- INFORMATION SHOWN
"""

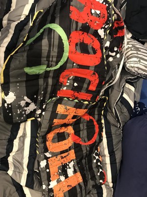 [This review was collected as part of a promotion.] This comforter set is really nice! The rock and roll design is cute, the colors are vibrant, and my son loves it. I even like the pattern on the underside of the blanket. The throw pillows are a great addition as well and pull it together nicely. The comforter is thin and lightweight, but warm. I was actually surprised by how soft the blanket and pillow case are. It just feels kind of plush. My son gets really hot when he sleeps, so this comforter is absolutely perfect for him. This is just a really nicely made and good looking comforter set.
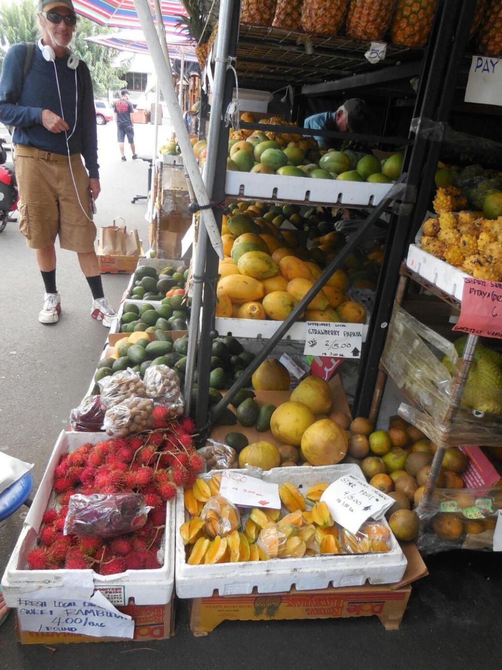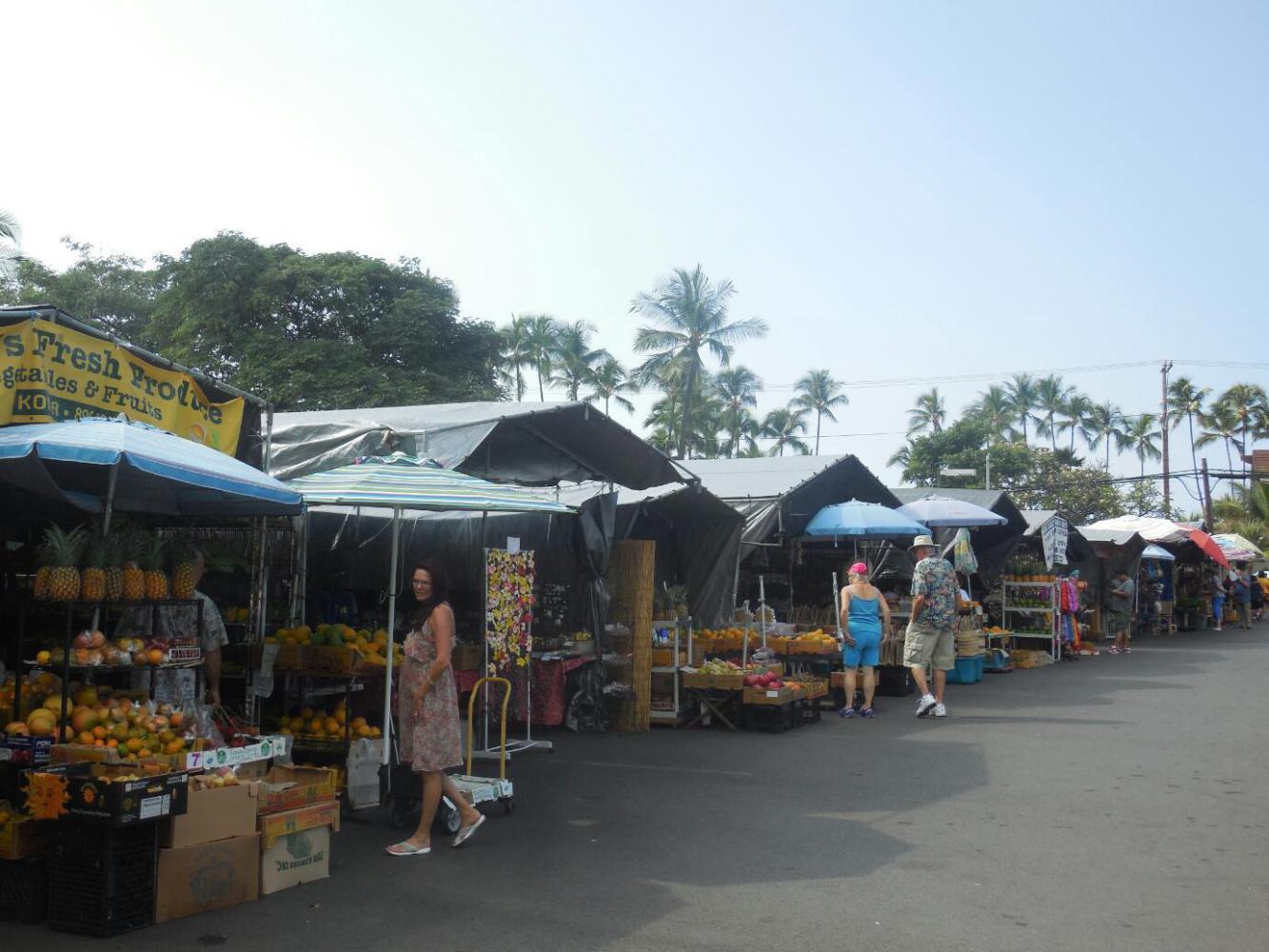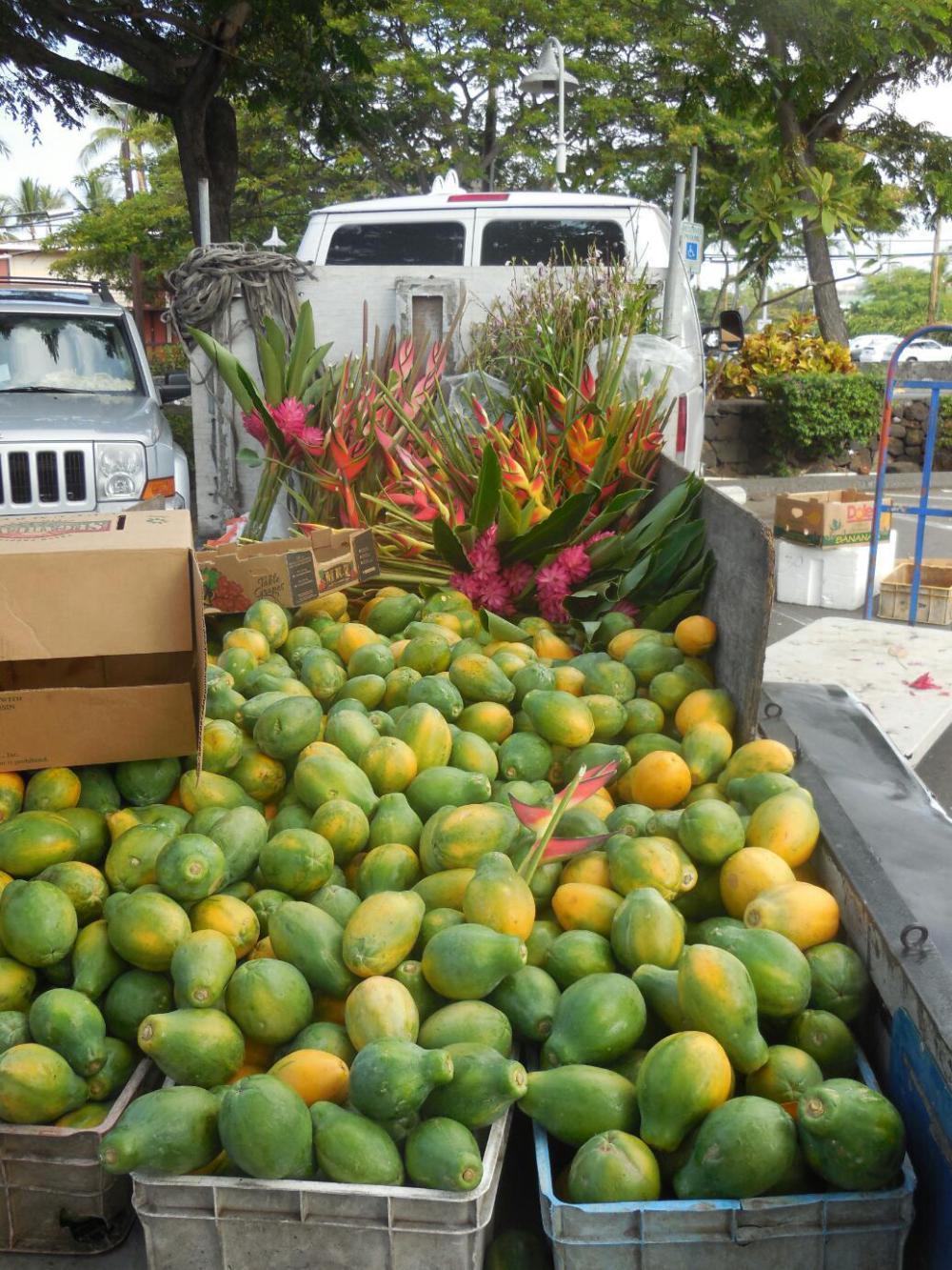 This region features several farmers' markets, and we found one in operation. Like what we remember from Hilo, the vendors rely on long metal framed tent structures - quite shabby, really. But the produce! Papayas are a mainstay. Back home, you will miss a car payment if you put your money into one of these. But here - there are stacks of them, almost free. Lots of other tropical fruits too. We went for some miniature bananas. They were a little tart, though they were not plantain. Interesting, and yummy.
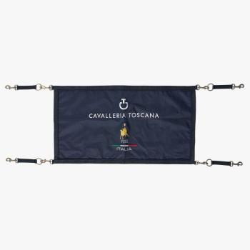 Изготовлена из водоотталкивающего материала, который легко чистится. Боковые карабины позволяют прицепить ее к деннику. Украшена белым логотипом СТ на лицевой стороне, и логотипом FISE.

"""

Copy nothing but the lines from the top of the material through the line holding "This region features", exactly as written; omit pictures.

 [This review was collected as part of a promotion.] This comforter set is really nice! The rock and roll design is cute, the colors are vibrant, and my son loves it. I even like the pattern on the underside of the blanket. The throw pillows are a great addition as well and pull it together nicely. The comforter is thin and lightweight, but warm. I was actually surprised by how soft the blanket and pillow case are. It just feels kind of plush. My son gets really hot when he sleeps, so this comforter is absolutely perfect for him. This is just a really nicely made and good looking comforter set.
 This region features several farmers' markets, and we found one in operation. Like what we remember from Hilo, the vendors rely on long metal framed tent structures - quite shabby, really. But the produce! Papayas are a mainstay. Back home, you will miss a car payment if you put your money into one of these. But here - there are stacks of them, almost free. Lots of other tropical fruits too. We went for some miniature bananas. They were a little tart, though they were not plantain. Interesting, and yummy.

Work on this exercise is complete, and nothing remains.